L`expérience de la République de Djibouti

Transcription

L`expérience de la République de Djibouti
L’expérience de la République
de Djibouti
ABDI ISMAËL HERSI
Directeur général des Services judiciaires au Ministère de la Justice
La République de Djibouti a accédé à la souveraineté le 27 juin 1977 après un siècle d’administration coloniale française. D’une superficie de 23 000 km2, la République de Djibouti est peuplée d’environ 600 000 habitants. La population djiboutienne est musulmane. Mais les grandes autres religions monotéistes sont représentées
par des communautés étrangères pratiquant librement leur religion dans leurs lieux de culte (catholique, protestante, orthodoxe et copte).
La République de Djibouti est née dans un contexte sous-régional conflictuel (guerre somalo/éthiopienne, érithréano/éthiopienne). Mais, également, dans une sous-région dominée par des régimes caractérisés par des dictatures féroces (le négus rouge, Syad Barré) et qui constitua également un terrain privilégié de rivalité Ouest-Est
avec une présence militaire française.
L’État a hérité d’une situation socio-économique peu propice au développement puisqu’aucune infrastructure
industrielle n’existe et que plus de 90 % de la population reste analphabète.
C’est dans ce contexte peu favorable conjugué de la pratique unanime dans le continent des partis uniques et
des « pères de la Nation » qu’évolue la politique djiboutienne jusqu’en 1997.
Le 15 septembre 1992 est adoptée une Constitution intégrant les principes fondamentaux des droits de l’Homme
et posant les bases des institutions de la République.
Certains principes essentiels seront consacrés :
– le multipartisme avec une limitation des partis politiques à quatre pour une période de 10 ans. Cette atténuation est dictée par les réalités socioculturelles du pays et elle est adoptée par voie de référendum en même
temps que la constitution ;
– le principe de séparation des pouvoirs est retenu dans la Constitution ;
– une loi organique sur les élections est promulguée, ainsi que d’autres lois organiques relatives à la liberté de
la presse et de la communication, au Conseil constitutionnel, au CSM, à l’organisation judiciaire ;
– deux partis politiques nouveaux ont vu le jour et ont pris part aux élections législatives et présidentielles en
présence des observateurs internationaux.
Paradoxalement, dès l’émergence de l’idée de l’ouverture démocratique, un conflit armé éclata et dura jusqu’en décembre 1994, date de la signature d’un accord de paix et de réconciliation nationale entre le gouvernement et la rébellion, le FRUD, qui devient par la suite un parti politique légal avec une participation au gouvernement.
Des éléments de ce front ont rejeté l’accord et ont continué leur opposition armée jusqu’en février 2000 où ils ont
signé avec le gouvernement un accord-cadre de réforme et de concorde civile.
Les éléments de cette tendance, qui avaient séjourné en France, sont rentrés à Djibouti après la signature de
cet accord et travaillent actuellement à la mise en œuvre des points de l’accord.
La gestion de ce conflit et son aboutissement paraît unique en son genre, dans la mesure où la solution du conflit
a été trouvée par les belligérants eux-mêmes sans aucune intervention extérieure.
Lorsque certains ont voulu intervenir pour réconcilier, cela a produit un effet contraire. La démarche directe a
sûrement été rendue possible par la volonté de vouloir résoudre un conflit ayant lourdement entravé le développement du pays.

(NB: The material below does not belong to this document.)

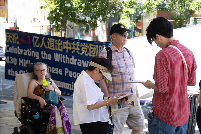 Turysta zapytał praktykującego: „Czy zachęcasz ludzi do praktykowania Falun Dafa?”. Praktykujący wyjaśnił, że ich celem jest wyjaśnienie prawdy o prześladowaniach, obalenie oszczerstw Komunistycznej Partii Chin i wezwanie do ich zakończenia. Praktykujący wyjaśnił, że KPCh kłamie na temat Falun Dafa, w tym o mistyfikacji samospalenia na placu Tiananmen, i że KPCh rozszerzyła teraz swoje prześladowania za granicę, na przykład poprzez ingerencję w Shen Yun Performing Arts.

Un autre fait marquant de la vie politique de Djibouti est l’élection présidentielle d’avril 1999 après que l’ancien Président eut terminé son mandat de six ans. L’actuel Président qui fut un acteur principal, dans le règlement
interne, a fait de sa priorité la paix et la sécurité dans le pays et dans la sous-région.
C’est ainsi qu’une conférence de paix et de réconciliation se déroule à Djibouti depuis le 2 mai 2000 à la suite
du discours du Président en septembre dernier, quelques mois après son investiture, à la tribune de l’Assemblée
générale des Nations Unies, à New York.